2.1 Add a new AlgorithmX module inside the existing regym/rl_algorithms/ (e.g a create directory regym/rl_algorithms/AlgorithmX/)

2.2 The next part will be the most time consuming one. Here we need to code up AlgorithmX. We recommend to create an AlgorithmX class inside of the regym.rl_algorithms.AlgorithmX submodule. This class should hold a model, which will represent the policy (and perhaps also the value network, if AlgorithmX is a value based RL algorithm).

We have so far used PyTorch as a deep learning framework, and hence our models are torch.nn.Module objects. However, regym allows for any deep learning frameworks.
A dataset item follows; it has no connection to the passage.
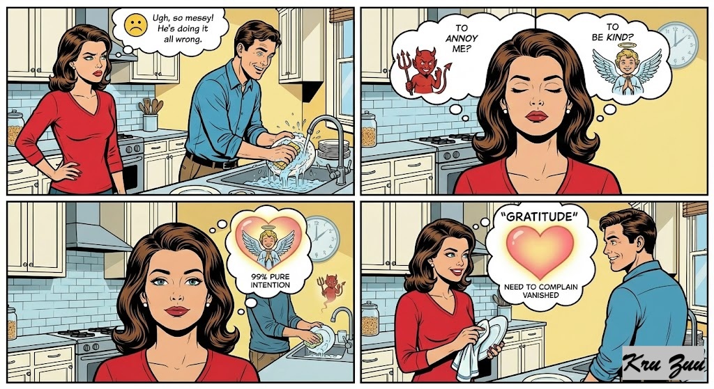 Ask yourself: “Did they do this to annoy me, or did they do this to be kind?” 99% of the time, within that hour, you will realize the gesture was pure, and your need to complain will vanish.
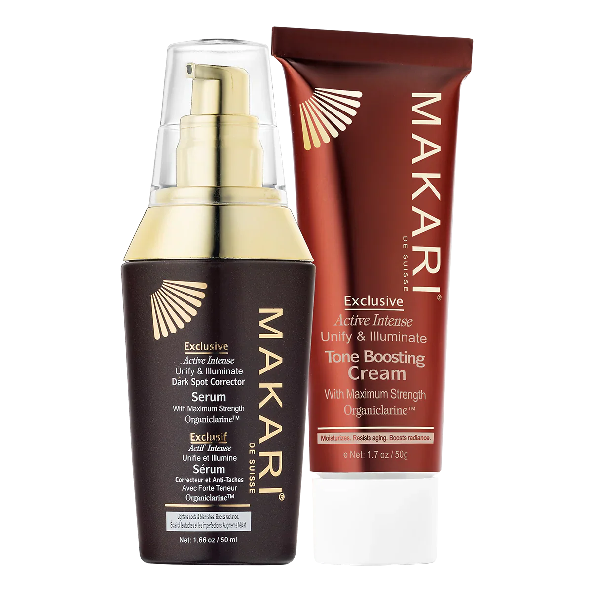 Discover the transformative power of the Makari Set. Designed to rejuvenate your skin, this duo includes the Tone Boosting Cream and Dark Spot Correcting Serum, working harmoniously to reveal a brighter, more radiant complexion.

Finally, we recommend that, during AlgorithmXAgent.handle_experience(...) function, the function AlgorithmX.train(...) is called. The REINFORCE algorithm calls this function after a given number of finished episodes. PPO calls this function after a certain number of timesteps have elapsed. What this means is that each algorithm will trigger a policy update (a train operation) under different conditions. Regardless, this call always happens inside of the agent's handle_experience(...) function.

# This file path: `regym/rl_algorithms/AlgorithmX/algorithmx.py`
class AlgorithmX():

    def __init__(self, observation_dim, action_dim, learning_rate):
        self.model = CoolNeuralNetwork(input_dim=observation_dim,
                                       output_dim=action_dim, lr=learning_rate)

    def train(self, args):
        pass

2.3 Create regym/rl_algorithms/AlgorithmX/__init__.py containing:

from .algorithmx import AlgorithmX

Now our algorithmX_agent.py module will be able to import AlgorithmX.

3 Use regym's test suite. (TODO)

Future versions of regym will include an algorithm agnostic which will test whether the build_X_Agent(...) function is compatible with a variety of environments, whether it can learn to solve these and whether or not it's behaviour is deterministic under certain fixed seeds.

4 Ensure that the agent can be accessed through the regym.rl_algorithms submodule

Try launching the jupyter notebook getting-started, but replace the imported build_PPO_Agent(...) function with the build_AlgorithmX_Agent(...) function you've implemented (remember to pass the correct hyperparameter dictionary!). Can your agent solve the CartPole environment?

If so. Well done! And thank you for contributing to regym!